The data come from <https://rosstat.gov.ru/> and <https://www.kaggle.com/dwdkills/alcohol-consumption-in-russia>

Data file: `alcohol_districts.csv`

Create an index showing the average sales of all the types of alcohol per region. Use `rowMeans()` to calculate the mean across several columns.

```{r}
library(dplyr)

alcohol_districts$index = rowMeans(alcohol_districts[c("wine", "beer", "vodka", "champagne", "brandy")])

```

Now try a new way of visualising pairwise comparisons.
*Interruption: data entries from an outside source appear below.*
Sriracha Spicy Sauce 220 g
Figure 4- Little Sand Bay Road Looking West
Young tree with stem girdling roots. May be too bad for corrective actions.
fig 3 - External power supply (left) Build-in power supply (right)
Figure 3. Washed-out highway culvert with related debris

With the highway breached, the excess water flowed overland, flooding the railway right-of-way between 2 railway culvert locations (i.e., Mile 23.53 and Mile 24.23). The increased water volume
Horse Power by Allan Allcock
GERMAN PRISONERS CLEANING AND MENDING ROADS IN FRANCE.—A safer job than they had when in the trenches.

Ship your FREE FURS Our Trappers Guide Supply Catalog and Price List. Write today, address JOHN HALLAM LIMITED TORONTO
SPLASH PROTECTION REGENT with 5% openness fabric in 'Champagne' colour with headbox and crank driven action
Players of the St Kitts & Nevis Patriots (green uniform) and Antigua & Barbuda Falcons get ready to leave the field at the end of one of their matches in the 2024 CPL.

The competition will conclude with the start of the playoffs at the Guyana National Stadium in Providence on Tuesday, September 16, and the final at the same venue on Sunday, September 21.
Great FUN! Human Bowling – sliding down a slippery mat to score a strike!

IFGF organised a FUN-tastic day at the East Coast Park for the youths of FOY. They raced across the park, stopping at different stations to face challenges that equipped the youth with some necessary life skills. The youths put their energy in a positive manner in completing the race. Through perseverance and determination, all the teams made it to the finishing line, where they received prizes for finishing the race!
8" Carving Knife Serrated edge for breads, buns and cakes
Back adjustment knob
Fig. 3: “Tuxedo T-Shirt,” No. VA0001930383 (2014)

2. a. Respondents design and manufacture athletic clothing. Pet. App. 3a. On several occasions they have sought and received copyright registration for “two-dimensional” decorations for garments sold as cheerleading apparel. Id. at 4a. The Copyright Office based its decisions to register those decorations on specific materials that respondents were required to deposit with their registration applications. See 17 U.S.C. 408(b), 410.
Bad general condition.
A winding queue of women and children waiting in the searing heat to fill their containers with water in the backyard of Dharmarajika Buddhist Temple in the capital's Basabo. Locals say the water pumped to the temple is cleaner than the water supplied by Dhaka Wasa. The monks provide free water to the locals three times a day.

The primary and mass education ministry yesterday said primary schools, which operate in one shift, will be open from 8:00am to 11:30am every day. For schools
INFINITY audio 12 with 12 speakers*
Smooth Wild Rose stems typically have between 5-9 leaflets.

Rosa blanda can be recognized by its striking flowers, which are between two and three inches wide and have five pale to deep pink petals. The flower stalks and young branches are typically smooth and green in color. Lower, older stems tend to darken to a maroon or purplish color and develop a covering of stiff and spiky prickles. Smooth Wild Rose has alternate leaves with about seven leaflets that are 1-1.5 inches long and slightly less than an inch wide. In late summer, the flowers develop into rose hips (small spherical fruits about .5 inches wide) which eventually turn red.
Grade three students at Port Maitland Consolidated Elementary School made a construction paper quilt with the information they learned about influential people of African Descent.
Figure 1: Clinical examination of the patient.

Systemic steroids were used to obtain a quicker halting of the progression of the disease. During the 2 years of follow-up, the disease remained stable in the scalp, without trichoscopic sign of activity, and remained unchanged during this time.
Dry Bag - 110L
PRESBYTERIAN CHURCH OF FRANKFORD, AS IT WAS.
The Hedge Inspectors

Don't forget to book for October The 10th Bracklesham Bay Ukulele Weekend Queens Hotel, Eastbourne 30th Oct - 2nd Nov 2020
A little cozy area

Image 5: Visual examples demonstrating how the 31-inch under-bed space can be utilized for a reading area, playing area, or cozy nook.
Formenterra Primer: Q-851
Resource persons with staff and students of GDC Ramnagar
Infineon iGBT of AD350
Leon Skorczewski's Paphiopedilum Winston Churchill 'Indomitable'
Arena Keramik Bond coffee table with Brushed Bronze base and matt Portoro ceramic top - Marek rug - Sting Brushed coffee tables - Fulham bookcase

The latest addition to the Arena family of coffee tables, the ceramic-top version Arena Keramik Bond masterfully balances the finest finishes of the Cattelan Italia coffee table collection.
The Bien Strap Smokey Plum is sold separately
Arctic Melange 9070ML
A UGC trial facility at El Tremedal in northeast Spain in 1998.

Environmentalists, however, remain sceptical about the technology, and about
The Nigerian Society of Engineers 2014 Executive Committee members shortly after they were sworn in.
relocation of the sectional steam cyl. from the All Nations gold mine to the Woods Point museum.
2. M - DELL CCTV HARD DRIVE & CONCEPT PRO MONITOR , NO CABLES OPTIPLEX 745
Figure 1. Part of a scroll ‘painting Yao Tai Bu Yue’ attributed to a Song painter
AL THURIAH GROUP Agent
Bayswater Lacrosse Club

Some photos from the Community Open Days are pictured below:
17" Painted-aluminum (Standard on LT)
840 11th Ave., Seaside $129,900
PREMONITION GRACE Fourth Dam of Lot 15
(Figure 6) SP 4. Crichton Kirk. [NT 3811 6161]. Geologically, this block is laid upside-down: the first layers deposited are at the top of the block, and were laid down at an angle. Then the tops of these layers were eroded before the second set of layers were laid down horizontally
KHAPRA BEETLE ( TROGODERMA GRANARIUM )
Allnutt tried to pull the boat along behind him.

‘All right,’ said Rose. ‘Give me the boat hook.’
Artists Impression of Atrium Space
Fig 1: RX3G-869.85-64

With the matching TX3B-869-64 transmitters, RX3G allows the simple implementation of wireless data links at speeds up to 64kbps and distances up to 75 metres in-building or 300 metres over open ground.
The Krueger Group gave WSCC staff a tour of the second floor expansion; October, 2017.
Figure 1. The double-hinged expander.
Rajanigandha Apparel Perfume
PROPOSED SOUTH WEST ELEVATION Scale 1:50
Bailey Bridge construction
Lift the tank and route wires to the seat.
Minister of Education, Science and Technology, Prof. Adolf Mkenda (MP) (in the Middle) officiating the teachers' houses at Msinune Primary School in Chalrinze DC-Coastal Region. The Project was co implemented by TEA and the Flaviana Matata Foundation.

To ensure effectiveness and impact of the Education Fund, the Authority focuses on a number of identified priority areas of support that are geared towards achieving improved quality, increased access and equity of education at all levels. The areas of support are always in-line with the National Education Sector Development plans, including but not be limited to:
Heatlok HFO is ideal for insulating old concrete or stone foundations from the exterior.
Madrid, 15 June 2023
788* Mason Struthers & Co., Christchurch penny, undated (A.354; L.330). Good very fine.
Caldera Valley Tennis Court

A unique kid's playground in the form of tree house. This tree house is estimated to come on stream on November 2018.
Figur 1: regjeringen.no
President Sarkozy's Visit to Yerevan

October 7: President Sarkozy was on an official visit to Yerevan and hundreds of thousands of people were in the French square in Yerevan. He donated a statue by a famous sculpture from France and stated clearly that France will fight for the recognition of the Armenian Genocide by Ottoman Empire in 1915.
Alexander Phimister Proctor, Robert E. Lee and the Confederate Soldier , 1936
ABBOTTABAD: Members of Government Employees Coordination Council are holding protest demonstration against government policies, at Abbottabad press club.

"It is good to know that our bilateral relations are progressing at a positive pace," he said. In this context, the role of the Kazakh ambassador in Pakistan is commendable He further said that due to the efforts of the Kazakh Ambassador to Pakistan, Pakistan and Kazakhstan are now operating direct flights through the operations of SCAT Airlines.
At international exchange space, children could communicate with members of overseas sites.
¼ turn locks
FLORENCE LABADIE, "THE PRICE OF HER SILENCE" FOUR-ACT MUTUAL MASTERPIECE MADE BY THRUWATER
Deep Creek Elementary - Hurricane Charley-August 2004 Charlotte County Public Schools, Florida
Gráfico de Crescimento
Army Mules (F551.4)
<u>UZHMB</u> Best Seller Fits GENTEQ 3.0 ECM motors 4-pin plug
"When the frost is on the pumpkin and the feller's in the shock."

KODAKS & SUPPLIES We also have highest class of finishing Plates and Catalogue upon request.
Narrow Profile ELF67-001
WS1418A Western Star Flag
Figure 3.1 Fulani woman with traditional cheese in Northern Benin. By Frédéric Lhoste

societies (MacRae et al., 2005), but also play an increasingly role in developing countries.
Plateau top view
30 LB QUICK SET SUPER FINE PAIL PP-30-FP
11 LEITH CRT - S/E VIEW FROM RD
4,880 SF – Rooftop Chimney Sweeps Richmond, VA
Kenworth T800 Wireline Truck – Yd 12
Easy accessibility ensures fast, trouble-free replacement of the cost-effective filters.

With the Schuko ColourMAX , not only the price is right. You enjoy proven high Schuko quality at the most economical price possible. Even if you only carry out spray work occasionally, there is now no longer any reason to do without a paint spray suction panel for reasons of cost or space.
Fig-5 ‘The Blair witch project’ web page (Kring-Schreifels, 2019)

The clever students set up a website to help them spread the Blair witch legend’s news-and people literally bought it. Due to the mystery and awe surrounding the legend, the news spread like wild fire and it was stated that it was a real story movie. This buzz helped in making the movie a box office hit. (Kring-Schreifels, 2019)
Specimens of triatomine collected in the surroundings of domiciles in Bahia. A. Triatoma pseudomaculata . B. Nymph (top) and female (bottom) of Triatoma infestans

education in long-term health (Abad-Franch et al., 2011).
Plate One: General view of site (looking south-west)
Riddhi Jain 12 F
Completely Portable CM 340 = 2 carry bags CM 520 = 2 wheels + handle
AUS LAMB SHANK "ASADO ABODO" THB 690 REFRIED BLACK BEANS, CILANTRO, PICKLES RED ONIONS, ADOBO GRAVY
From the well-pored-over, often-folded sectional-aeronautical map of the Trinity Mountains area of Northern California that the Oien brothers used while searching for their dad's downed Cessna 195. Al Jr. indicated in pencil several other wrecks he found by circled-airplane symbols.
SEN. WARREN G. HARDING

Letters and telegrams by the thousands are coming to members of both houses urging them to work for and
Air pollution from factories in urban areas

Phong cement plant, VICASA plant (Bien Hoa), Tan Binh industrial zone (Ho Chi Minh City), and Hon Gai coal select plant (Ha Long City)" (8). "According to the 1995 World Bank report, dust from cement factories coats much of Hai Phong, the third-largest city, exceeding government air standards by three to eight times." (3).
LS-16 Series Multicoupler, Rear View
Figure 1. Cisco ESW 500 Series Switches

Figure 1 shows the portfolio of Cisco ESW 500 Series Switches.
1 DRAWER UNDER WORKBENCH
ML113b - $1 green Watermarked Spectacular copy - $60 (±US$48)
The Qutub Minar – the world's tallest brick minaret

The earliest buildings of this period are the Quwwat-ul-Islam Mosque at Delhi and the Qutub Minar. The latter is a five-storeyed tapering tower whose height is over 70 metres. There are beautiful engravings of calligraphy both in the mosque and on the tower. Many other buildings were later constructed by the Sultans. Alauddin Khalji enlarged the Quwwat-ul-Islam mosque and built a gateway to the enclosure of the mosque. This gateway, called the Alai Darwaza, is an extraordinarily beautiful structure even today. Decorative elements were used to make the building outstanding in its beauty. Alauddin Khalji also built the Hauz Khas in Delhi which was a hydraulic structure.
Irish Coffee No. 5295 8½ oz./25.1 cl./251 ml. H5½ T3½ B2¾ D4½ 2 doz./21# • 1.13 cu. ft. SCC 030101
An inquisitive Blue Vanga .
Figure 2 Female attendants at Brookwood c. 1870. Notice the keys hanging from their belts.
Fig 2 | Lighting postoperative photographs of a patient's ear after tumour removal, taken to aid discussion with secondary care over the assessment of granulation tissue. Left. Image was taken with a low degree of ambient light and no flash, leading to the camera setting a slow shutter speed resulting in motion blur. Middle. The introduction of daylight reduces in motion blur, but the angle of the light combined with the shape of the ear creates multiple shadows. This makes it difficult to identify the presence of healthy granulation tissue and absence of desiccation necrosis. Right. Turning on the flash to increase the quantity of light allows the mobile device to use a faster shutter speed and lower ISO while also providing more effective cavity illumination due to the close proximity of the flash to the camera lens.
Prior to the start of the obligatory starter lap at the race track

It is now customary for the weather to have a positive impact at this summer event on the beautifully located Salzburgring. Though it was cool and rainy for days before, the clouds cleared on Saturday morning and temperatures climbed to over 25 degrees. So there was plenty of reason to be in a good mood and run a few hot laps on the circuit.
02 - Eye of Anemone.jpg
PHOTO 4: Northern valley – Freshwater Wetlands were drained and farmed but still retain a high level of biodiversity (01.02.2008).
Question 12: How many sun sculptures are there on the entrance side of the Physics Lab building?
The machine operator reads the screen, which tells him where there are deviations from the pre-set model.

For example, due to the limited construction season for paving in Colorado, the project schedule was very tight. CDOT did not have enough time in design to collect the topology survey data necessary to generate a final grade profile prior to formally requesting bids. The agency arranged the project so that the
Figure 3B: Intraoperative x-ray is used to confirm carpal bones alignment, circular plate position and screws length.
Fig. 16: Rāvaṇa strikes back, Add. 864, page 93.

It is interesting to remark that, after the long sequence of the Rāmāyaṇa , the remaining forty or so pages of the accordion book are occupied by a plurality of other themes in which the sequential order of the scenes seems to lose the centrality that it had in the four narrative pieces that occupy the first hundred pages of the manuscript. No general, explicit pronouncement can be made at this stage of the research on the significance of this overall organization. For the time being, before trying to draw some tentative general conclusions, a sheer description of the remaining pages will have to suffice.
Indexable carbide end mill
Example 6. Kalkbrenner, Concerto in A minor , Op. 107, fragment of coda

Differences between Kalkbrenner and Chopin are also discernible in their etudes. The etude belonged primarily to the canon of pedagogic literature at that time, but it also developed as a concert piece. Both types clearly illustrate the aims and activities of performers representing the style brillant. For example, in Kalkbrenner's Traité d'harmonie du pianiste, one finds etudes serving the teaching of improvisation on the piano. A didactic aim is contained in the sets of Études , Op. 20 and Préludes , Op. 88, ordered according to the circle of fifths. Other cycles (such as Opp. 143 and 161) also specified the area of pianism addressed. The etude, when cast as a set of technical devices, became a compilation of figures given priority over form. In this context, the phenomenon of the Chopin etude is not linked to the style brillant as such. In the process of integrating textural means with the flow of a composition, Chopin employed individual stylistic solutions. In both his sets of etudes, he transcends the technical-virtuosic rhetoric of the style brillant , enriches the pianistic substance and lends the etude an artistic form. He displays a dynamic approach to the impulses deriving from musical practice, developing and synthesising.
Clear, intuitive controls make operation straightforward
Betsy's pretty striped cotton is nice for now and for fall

Read the example for the `ggbetweenstats()` function here and adapt the non-parametric test used in this example: <https://indrajeetpatil.github.io/ggstatsplot/articles/web_only/ggbetweenstats.html>.

```{r}
install.packages("ggstatsplot")
library(ggstatsplot)


ggbetweenstats(
  data = alc,
  x = district,
  y = index,
  type = "nonparametric",
  plot.type = "box"
  )
```

2016
```{r}
alc <- alcohol_districts %>%
  subset(year == 2016)


```


```{r}
install.packages("car")
library(car)

leveneTest(alc$index  ~ alc$district)
```

```{r}
library(ggplot2)

ggplot(alc, aes(district, index)) + geom_boxplot()
```
```{r}
aov_out <- aov(alc$index ~ alc$district)

plot(density(residuals(aov_out)))
```
```{r}
kruskal.test(alc$index ~ alc$district)

```
```{r}
install.packages("dunn.test")
library(dunn.test)

dunn.test(alc$index, alc$district, method="Holm")
```
```{r}
install.packages("rstatix")
library(rstatix)

kruskal_effsize(alc, index ~ district)
```

## Problem 2

For tasks 2-3, use the file `so2.csv` from the data folder. The data set contains the result of a survey of software developers using the StackOverflow website.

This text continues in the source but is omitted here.